Although he is for me intimately identified with this new era of the Giants, I've nevertheless been something of a defender of Barry Bonds for the past decade. Loyal though I am, you can't argue with the success Bonds bought to the team. Even without any national championships, we've been automatic contenders nearly every single year, and that is a wonderful thing. Good enough for me. Yes, he was not a very nice man. But yes, race mattered in the media's representation of that unpleasantness.

Plus, I'm going to go out on a limb and say that the steroids thing doesn't really bother me. I find it slightly strange how venomous people get. Let's face it: professional athletes are anything but natural, untainted bodies. The body of Barry Bonds taking steroids might have been a gigantic creature, but the body of Barry Bonds before steroids was no less mediated by a lifetime of corporeal modifications.

I just don't think there is any intrinsic problem with rational adults modifying their bodies as they choose. I have plenty of friends who take hormones and have had invasive surgeries performed so that their gendered bodies are more to their liking. Cattle veterinarians whose hands are freakishly strong after twenty years of prying into big animals. Musicians whose bodies become scarred and asymmetrical from a lifetime of holding a violin under their chin or pedaling a piano. Millions of people who diet and exercise their poor bodies into skinny oblivion. I myself am tattooed and pierced, not in any kind of radical way, but enough that I feel like I have left my own stamp on my body. How different is any of this from using a chemical to change your body to be better at sports? Sure, it's bad for you, but nothing in this list is particularly good for you.

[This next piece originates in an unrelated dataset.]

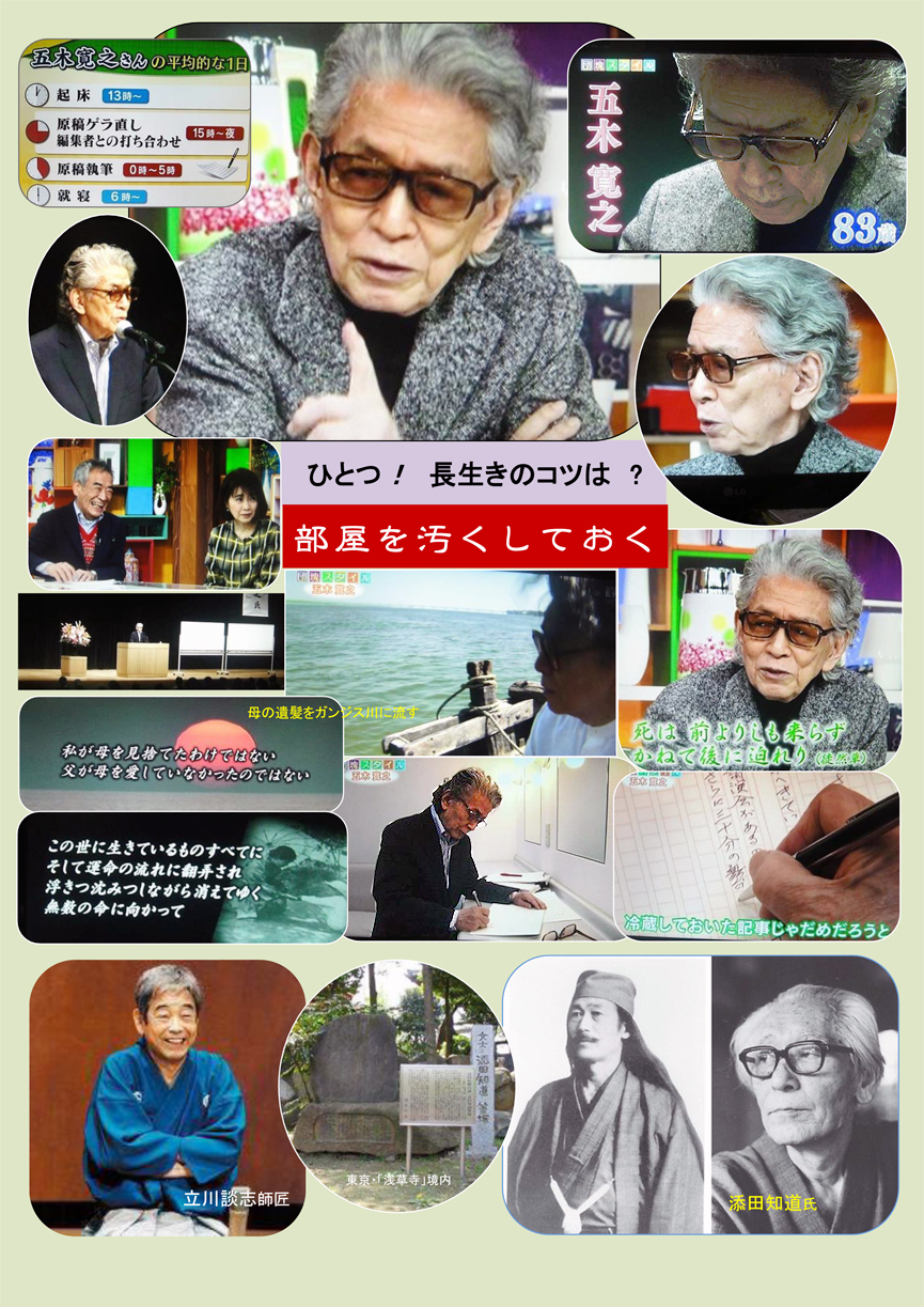 「部屋を汚くしておく」「アレを見られちゃ大変だから、片付けるまで死ねない」----NHK・Eテレの番組「団塊スタイル」(2016年1月29日放送)の中で、作家の五木寛之氏(83歳)は、長生きのコツについてこう話していた。視聴者からの「何歳まで生きたいですか」という質問に、「世の中の移り変わりを、一年でも長く見ておきたいという気持ちはある」と、具体的な数値はあげずにこう答えたあと、間をあけるまでもなく、心持、身を乗り出すように語った。

I do think that steroids should be banned in sports, for the simple reason that there is so much money involved in sports that I'm not sure professional athletes could legitimately be called "consenting." Ban them, I say, and enforce that ban for real. But let's not pretend that it is some revolutionary act.

Anyways. Barry is gone, and that is a good thing. These past few years, the team spent way too much money and energy catering to his presence, much to the detriment of the other eight players, let alone the farm system. The home run chase became a distraction, and yes, so did the steroids. This year's team is bizarrely young, and by all accounts not very good. We just miserably lost our opening game to the Dodgers, 5-0. But it is a new beginning, and I for one am excited.

2 comments:

cpo said...

I have mixed feelings about steroids, just like I have mixed feelings about amphetamines (used to enhance performance in academics or on the job, for instance). In large part, I agree with you. Or, no, I want to agree with you, but I can't. (Partly because I don't actually understand many of your comparisons. Tattoos and big hands?)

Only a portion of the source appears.